Further digging by the engineer revealed a hidden Tesla P100D icon hidden in the software update, further confirming that a new, longer-range Model S and Model X were on the way. But despite his evidence — and a cryptic tweet-exchange with Tesla [NASDAQ:TSLA] CEO Elon Musk, Hughes wasn’t able to infer a launch date for the new, higher-capacity battery pack.
Fast forward to this weekend however, and a new piece of evidence from a Dutch Government website database indicates that the Tesla Model S P100D and Tesla Model X P100D are not only on their way to market but now road-legal for use in Europe. This indicates an imminent launch of both models, possibly in the next few weeks. Moreover, the database appears to quote the range of the two new models as being 613 kilometers (381 miles) on the European test cycle, equivalent to what we’d guess will translate to a real-world range somewhere between 320 and 340 miles per charge.

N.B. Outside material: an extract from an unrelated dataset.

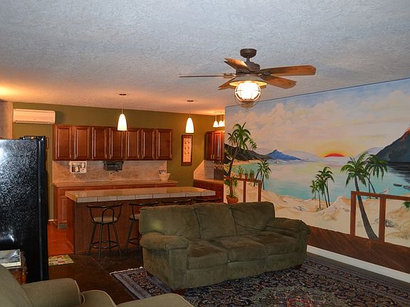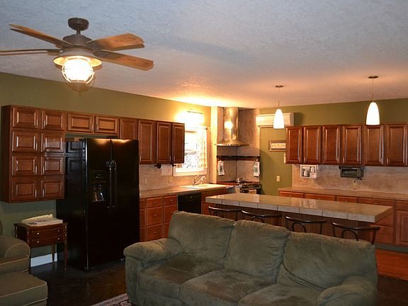 Custom 4 bed, 3 bath home is truly one of a kind with 8" concrete walls- 2 kitchens, 2 laundry rooms, 2 family rooms & could be mother-in-law suite. Super insulated & features a ventless energy efficient cooling & heating system. 4 outside porches, 24x24 storage bldg., 28x34 pole barn, 18x31 shop & fabulous tree house on 1.14 acres.

This discovery, made over the weekend by Kenteken.tv was only possible thanks to the open way in which the Dutch Government makes it easy for members of the public to obtain information about the European Type Approval for each and every car on sale in Europe today. For those unfamiliar with the term, Type Approval is essentially a roadworthiness test that all new cars must undergo before they can be sold within the EU. In addition to ensuring vehicles meet specific regulations pertaining to vehicle lighting, braking, and other important features, the test also ensure that the vehicle meets all the required safety standards in the market it is meant to be sold in. Rather than apply a blanket type approval to each make and model of car, Type Approval tests must be passed for each mechanically distinct variation of every new car. Thusly, although Tesla already has Type Approval for the Tesla Model S cars already on sale in Europe for example, it must gain Type Approval for any new variant with a different drivetrain or battery pack.
Which is how Kenteken found out about the new Model S P100D and Tesla Model X P100D.

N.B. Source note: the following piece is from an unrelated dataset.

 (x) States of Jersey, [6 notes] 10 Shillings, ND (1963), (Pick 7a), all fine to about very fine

Browsing the Type Approval database — essentially a list of cars with Certificate of Conformity (CC) — it noticed codes relating to a Tesla Model S P100D and Tesla Model X P100D, along with their Type Approval details and the expected range of the vehicle according to the NEDC test cycle.
There’s no news yet as to how long we’re going to have to wait until these new models are officially launched by Tesla, but given the energy company is already reportedly producing new Tesla Model S and Tesla Model X cars with second-generation Autopilot hardware fitted — another recent unexpected update — it’s concievable that the 100kWh Model S and Model X variants are already being produced.
Why haven’t we heard anything yet? If we had to guess, we’d predict that Tesla has been sneakily building 100 kWh Tesla Model S and Model X cars for the U.S. market, using the same software lockout to restrict this new battery pack to 90 kWh as it does to restrict useable battery capacity on the Tesla Model S 60 (which actually has a 75 kWh battery pack).
Given that there’s no hiding the battery upgrade however, we’re expecting Tesla to make an official announcement in the coming weeks, making the wealthiest of Tesla fans scramble yet again for their checkbooks to ensure they have the latest, greatest, and fastest electric car out there.